**Exercise requirements:** Return, exactly and in full, the lines of the records below starting at the one with "コウヤボウキが咲きだしていました。 くるりん くるりん" and ending at the one with "香港太空館將於3月3日晚上7時15分起,在網上直播元宵月全食。", and no other lines.

━━━━━ Material supplied

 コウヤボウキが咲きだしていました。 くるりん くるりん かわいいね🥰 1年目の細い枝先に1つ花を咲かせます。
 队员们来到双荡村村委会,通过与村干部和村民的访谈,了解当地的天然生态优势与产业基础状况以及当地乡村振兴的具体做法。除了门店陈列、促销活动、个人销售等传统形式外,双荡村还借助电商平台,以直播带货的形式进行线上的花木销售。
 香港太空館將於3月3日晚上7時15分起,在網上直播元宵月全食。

━━━━━━━━━━
━━━━━ Material supplied

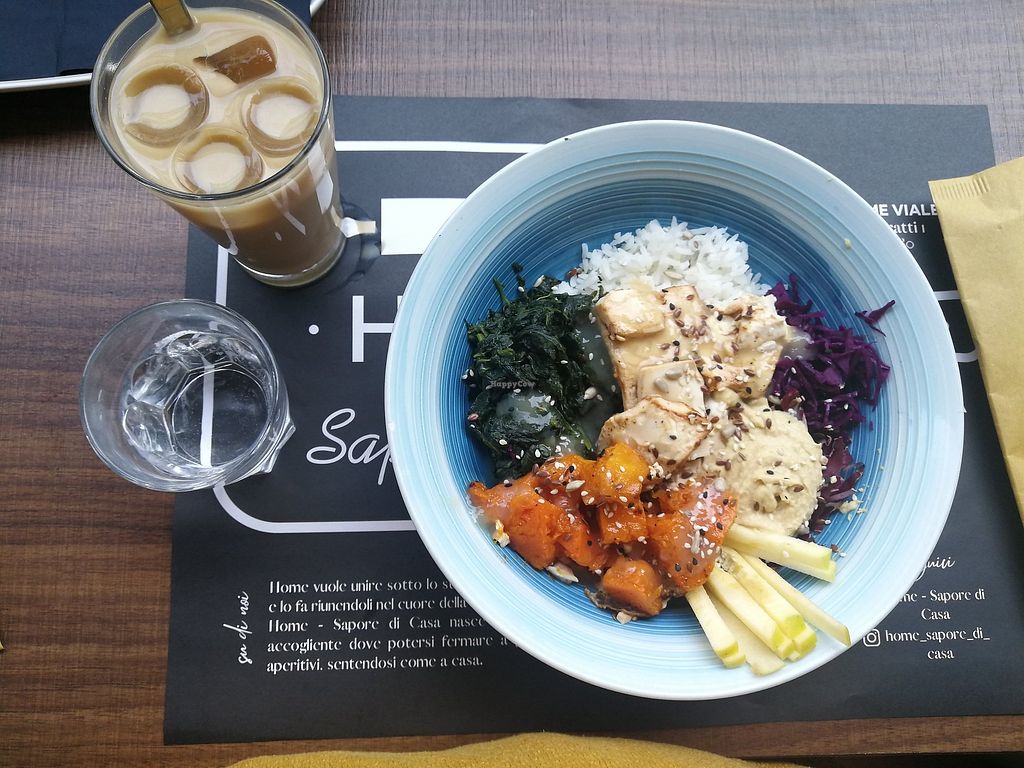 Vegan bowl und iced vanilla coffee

━━━━━━━━━━

**Result:**
 コウヤボウキが咲きだしていました。 くるりん くるりん かわいいね🥰 1年目の細い枝先に1つ花を咲かせます。
 队员们来到双荡村村委会,通过与村干部和村民的访谈,了解当地的天然生态优势与产业基础状况以及当地乡村振兴的具体做法。除了门店陈列、促销活动、个人销售等传统形式外,双荡村还借助电商平台,以直播带货的形式进行线上的花木销售。
 香港太空館將於3月3日晚上7時15分起,在網上直播元宵月全食。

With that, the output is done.